Shares of Liverpool-based bargain retailer B&M European Value Retail fell about 6% on Friday after it published a trading update for the 13 week period to December 28 that included “disappointing” sales in its toys and seasonal confectionery.
In November, B&M wrote down the value of its loss-making German business Jawoll and put it under review.
On Friday, B&M said “on an actual currency basis” total sales revenue increased 9.0% to £1.19 billion for the quarter.
“B&M UK stores business sales revenue in the 13 week period increased by 8.8% to £957.4m (2018: £879.9m) with LFL sales of +0.3%,” said B&M.
“Our LFL performance was held back by disappointing sales across the Toys & Seasonal Confectionery categories, which was offset by continued strength and outperformance across our Home Departments.
“We refrained from participating in any early or unusual discounting activity over the quarter and remained focused on our cash margin.

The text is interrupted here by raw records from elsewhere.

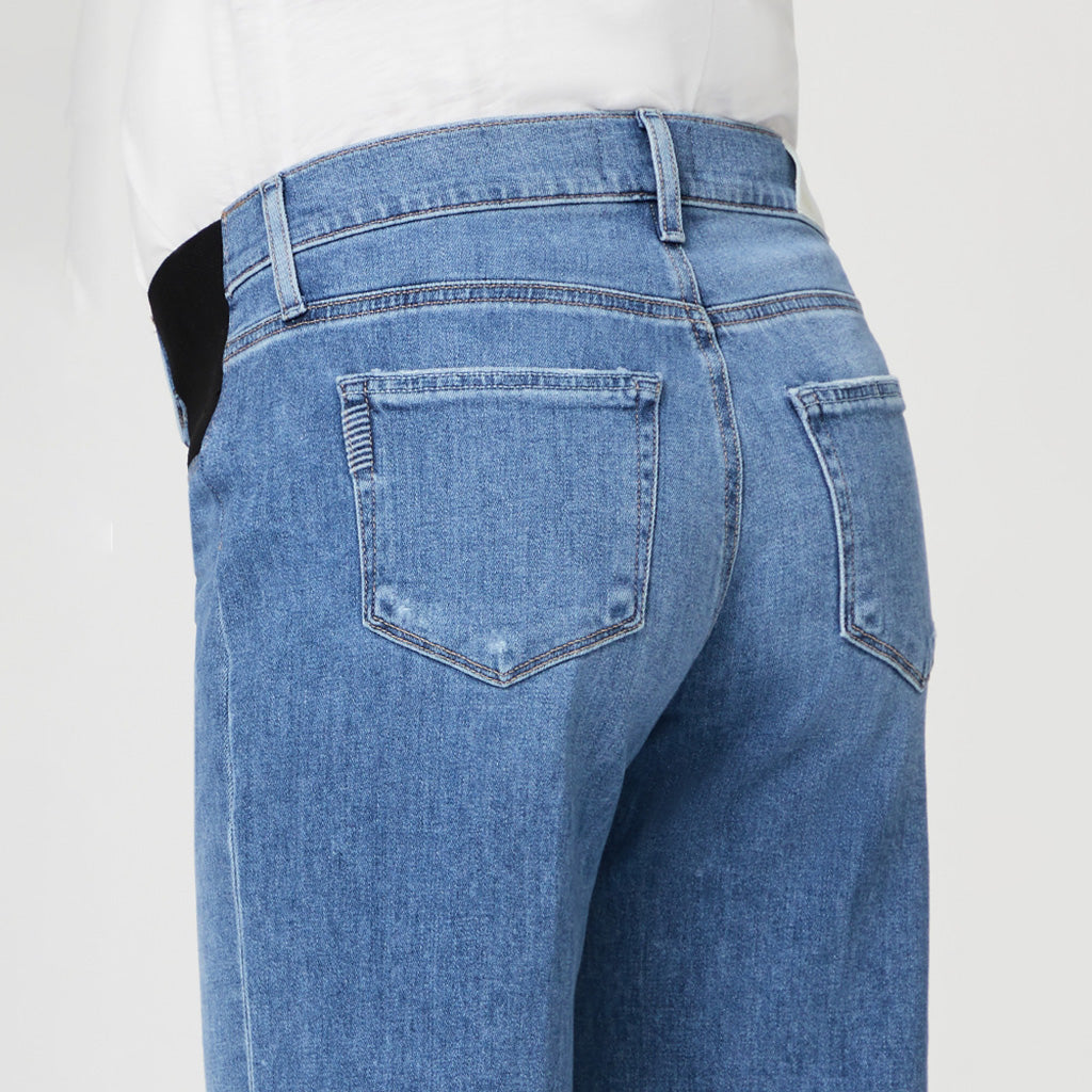 A must for your maternity wardrobe, these PAIGE jeans feel dependably comfortable with super-stretch fabric and a wide leg cut. Heavy fading and frayed cuffs bring a touch of well-traveled style to the mix.
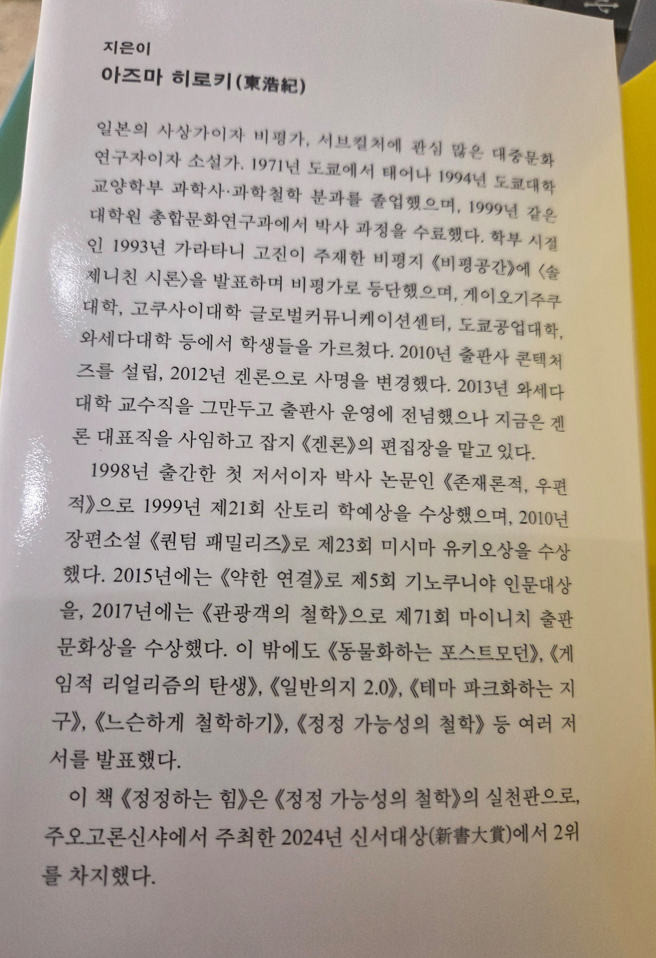 아즈마 히로키는 그의 첫 저서이자 박사논문인 존재론적 우편적부터 주목받고 '동물화하는 포스트모던' 책부터는 일약 출판계의 스타가 된 일본의 대표적인 비평가이자 철학자다. 내가 좋아하고 존경하는 철학자인 가라타니 고진과 약 20년 정도 나이차이로 딱 한세대 정도의 차이.
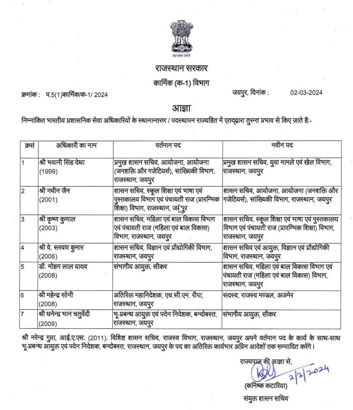 Homeराज्य राज्य 7 आईएएस अधिकारियों के तबादले By NSC9 NEWS March 2, 2024 0 410 FacebookTwitterPinterestWhatsApp सरकार ने 7 आईएएस अधिकारियों के तबादले कर दिए हैं। विस्तार से देख सूची:- Share FacebookTwitterPinterestWhatsApp Previous articleनर्सिंग शिक्षा के लिए युवाओं को मिलेंगे बेहतर अवसर, स्वास्थ्य सेवाओं का होगा सुदृढ़ीकरण, बरसों से लंबित प्रकरणों का निस्तारणNext articleसनातन धर्म के संरक्षण में साधु-संतों का विशेष योगदान, यज्ञ से होती है आत्मा की शुद्धि – मुख्यमंत्री भजनलाल शर्मा NSC9 NEWS Related Articles Uncategorized अंतरिक्ष में भारत की वैश्विक छलांग: और भविष्य का रोडमैप आपकी कलम से संयुक्त राष्ट्र सस्टेनेबल डेवलपमेंट गोल्स में तकनीकी विकास के साथ मानवीय मूल्यों और स्थानीय समाधानों का समन्वय आवश्यक: डॉ. डी.पी. शर्मा आपकी कलम से अंतरिक्ष में भारत की वैश्विक छलांग: और भविष्य का रोडमैप LEAVE A REPLY Cancel reply Comment: Please enter your comment! Name:* Please enter your name here Email:* You have entered an incorrect email address! Please enter your email address here Website: Save my name, email, and website in this browser for the next time I comment. Stay Connected0FansLike0FollowersFollow0SubscribersSubscribe - Advertisement - Latest Articles Uncategorized अंतरिक्ष में भारत की वैश्विक छलांग: और भविष्य का रोडमैप आपकी कलम से संयुक्त राष्ट्र सस्टेनेबल डेवलपमेंट गोल्स में तकनीकी विकास के साथ मानवीय मूल्यों और स्थानीय समाधानों का समन्वय आवश्यक: डॉ. डी.पी. शर्मा आपकी कलम से अंतरिक्ष में भारत की वैश्विक छलांग: और भविष्य का रोडमैप आपकी कलम से भारत-रूस मैत्री : दीर्घकालिक मित्रता के आयाम, संभावनाएँ और चुनौतियाँ आपकी कलम से जगदीश चंद्र बोस: वैज्ञानिक चेतना के प्रणेता और आधुनिक भौतिकी के अदृश्य प्रेरणास्रोत- डॉ डीपी शर्मा Load more
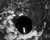 The sequence clearly shows the Planck-Sylda composite receding behind Herschel, high above the surface of our planet; clouds, ocean and coastlines can be seen far below. The Sylda is a support structure that encapsulated Planck and supported Herschel during launch.
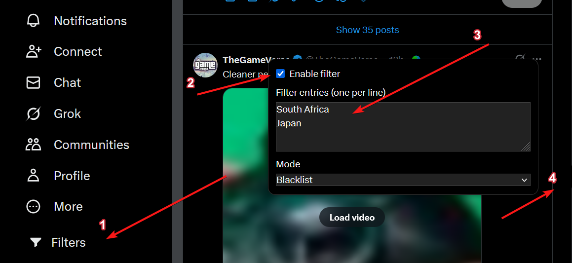 Add a Filter option on X and display location flags with tooltips on accounts. Include a connection to a CloudFlare worker to read/write to a KV database, which avoids querying the heavily rate-limited X API.
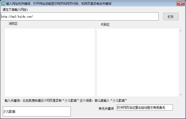 功能说明:该程序是一个用于检测网页内容中是否包含特定关键词的工具。主要功能是通过输入网址,获取网页内容,并检查该内容中是否包含用户指定的关键词,最后在界面上显示“有”或“无”的结果。程序界面包含一个编辑框用于输入网址,一个编辑框用于输入要查找的关键词,一个按钮用于触发检测操作,以及三个编辑框分别用于显示输入内容、检测结果和网页源代码。程序的核心逻辑是通过HTTP读取网页内容,使用寻找文本函数判断关键词是否存在,并根据结果更新结果显示。整体程序结构清晰,功能明确,适用于快速检测网页内容中的关键词存在情况。
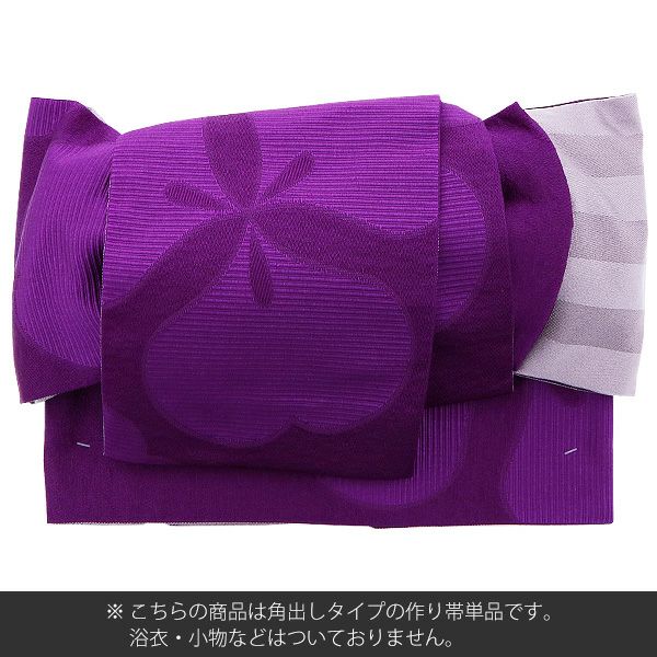 3. 角出し風タイプ 結び帯単品「バイオレット カタバミ」京都きもの町オリジナル 浴衣帯 作り帯 付け帯 【メール便不可】
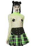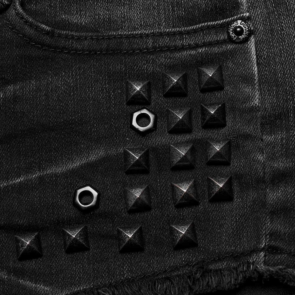 Unleash your inner rockstar with these daring black denim hot pants. Boasting a distinctive design, one side is adorned with striking square rivets, while the other showcases playful ribbon drawstrings. Raw-edged accents and a foldable decorative patch at the waist infuse a hint of grunge. Crafted from stretchy denim fabric for optimum comfort, these hot pants are ideal for a night out on the town.
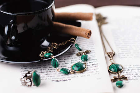 An exquisite display of antique jewelry featuring a detailed necklace and earrings on lush emerald satin fabric, adding elegance and opulence to any setting.
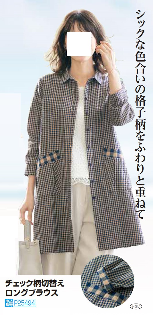 シャツ ブラウス 長袖 チェック レディース きれいめ チェック柄 切替え ロングブラウス ベージュ ネイビー 婦人服 ミセス シニア 女性 格子柄 かわいい ナチュラル ポケット コットン シニアファッション 40代 50代 60代 70代 80代 母の日 お母さん 春夏 nss p25494
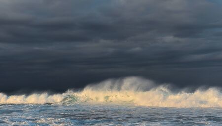 Storm clouds over the sea. Dramatic sky and giant waves.

Inventory levels are also normal for the time of year.
“Heron Foods has continued to have a pleasing performance with revenues growing by 6.2% to £95.6m (2018: £89.9m) in the quarter …
“Our French business, Babou, increased revenues by +29.3% on a constant currency basis, of which 26.1% related to the non-comparable period of ownership last year.

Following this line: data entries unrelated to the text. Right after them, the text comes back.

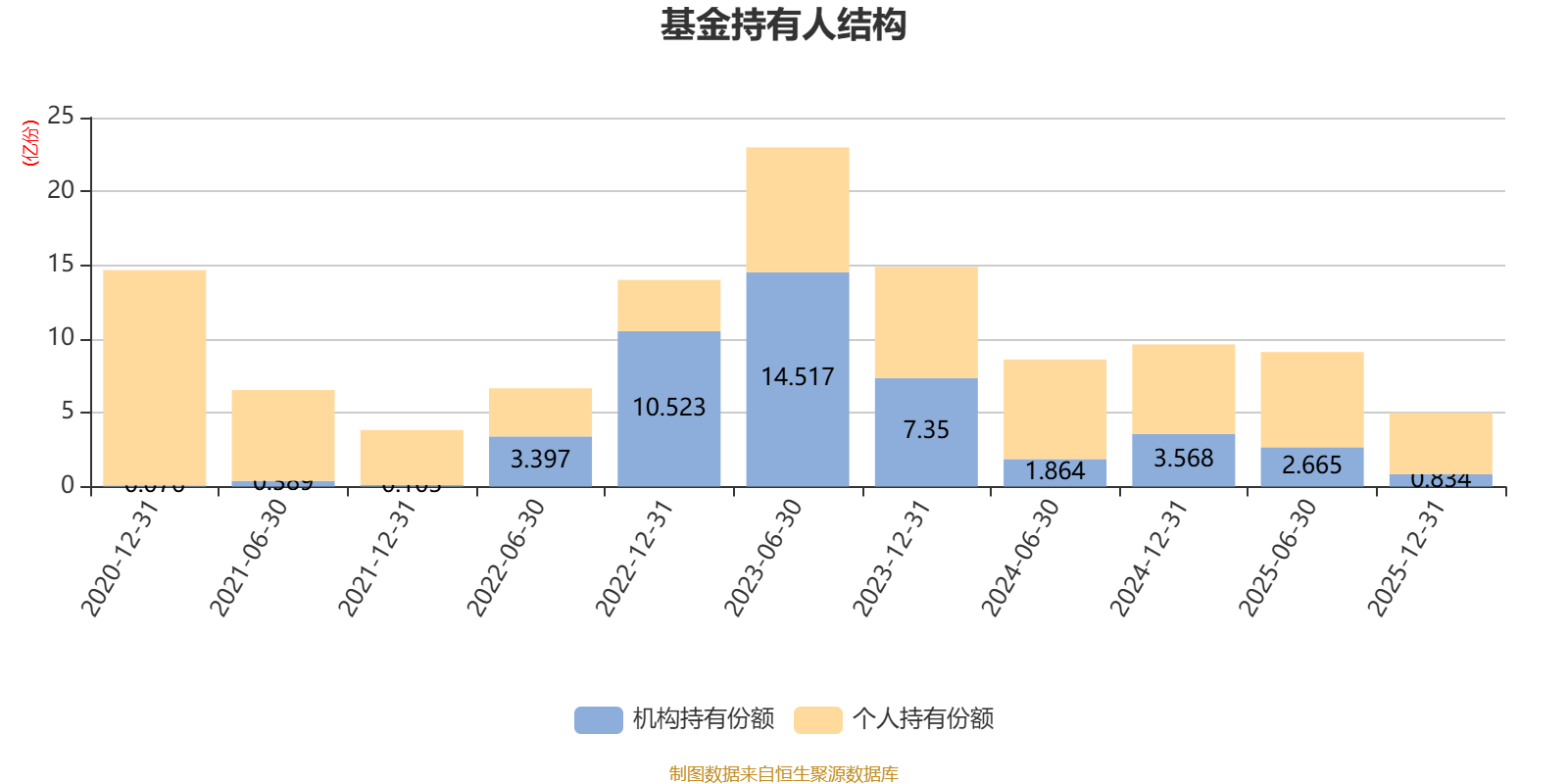 截至2025年12月31日,基金持有人共计6.03万户,合计持有4.99亿份。其中管理人员工持有108.62万份,占比0.22%,机构持有份额占比16.72%,个人投资者占比83.28%。
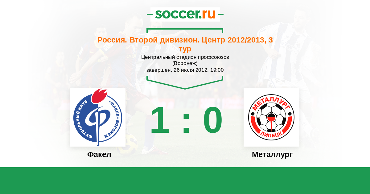 Россия. Вторая лига. Группа 3 17.10.2012 Металлург Логотип футбольный клуб Металлург (Липецк) 2:1 Логотип футбольный клуб Факел (Воронеж) Факел
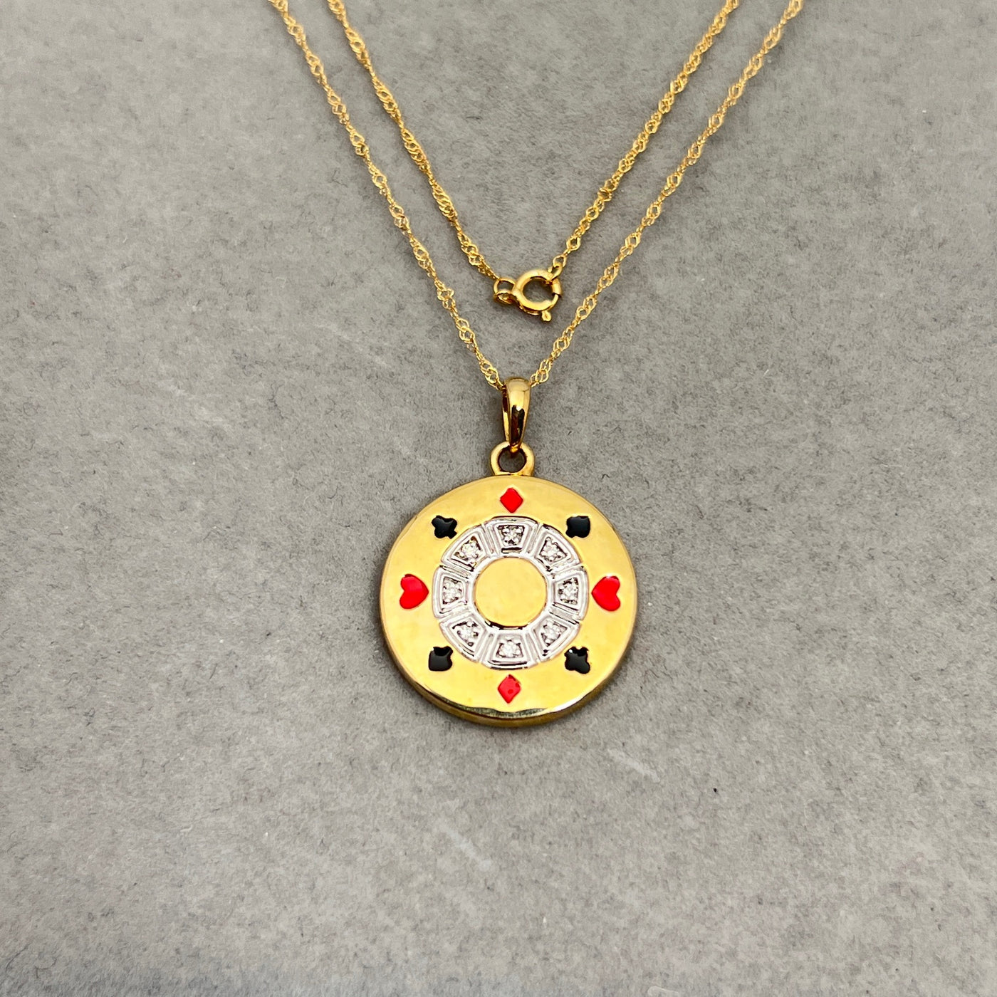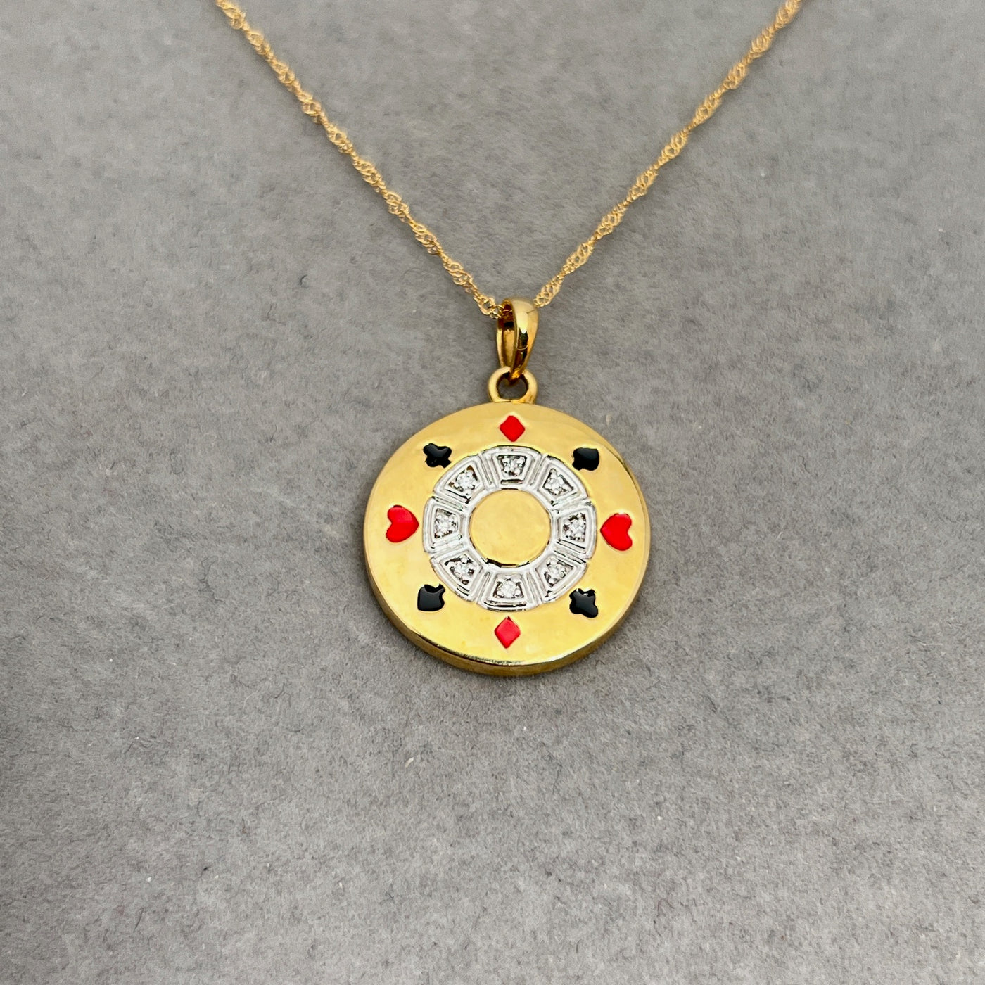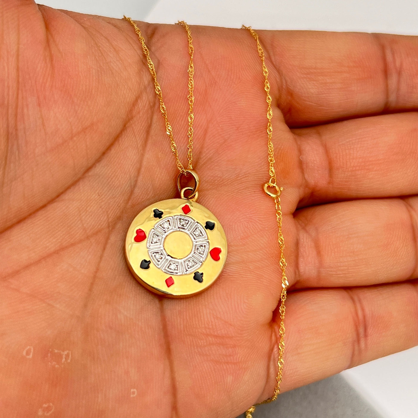 Diamond Poker Chip Pendant | 0.03–0.40 Ct SI2–I1 I–J Color | 14K Yellow Gold Necklace | Unique Fine Jewelry Gift with 18" Chain

“Jawoll’s revenues were -1.5% at £53.0m (2018:£55.3m) on a constant currency basis.
“We are continuing with the strategic review process that was announced on 12 November 2019.
“Further information in relation to the outcome of that process will be given in due course.”

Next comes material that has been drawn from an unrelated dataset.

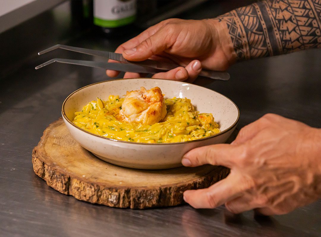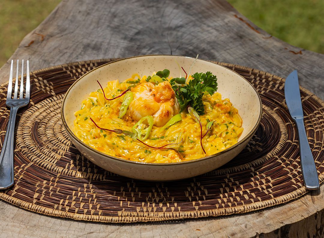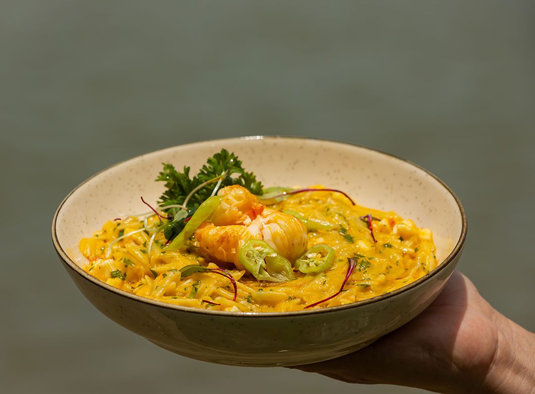 Massa em formato de grãos envolvida em molho de moqueca de lagosta, com leite de coco e azeite de dendê.

B&M CEO Simon Arora said: “Against the backdrop of a difficult UK retail environment with reduced shopper footfall and political uncertainty, our core B&M UK business generated continued growth and delivered a record level of peak season sales.
“Cumulatively, B&M UK has achieved +2.3% LFL sales growth during the financial year to date, albeit with a slower performance than anticipated during the run up to Christmas.
“Overall the business delivered a good quarter operationally.
“Costs were well controlled and, combined with our usual strong focus on cash gross margins, yielded a profitable outcome.
“We were also able to exit the period with normal seasonal inventory levels.
“Our new store programme delivered 15 gross and 12 net new B&M UK stores in the quarter, and this year’s openings as a whole have performed better than expectations.”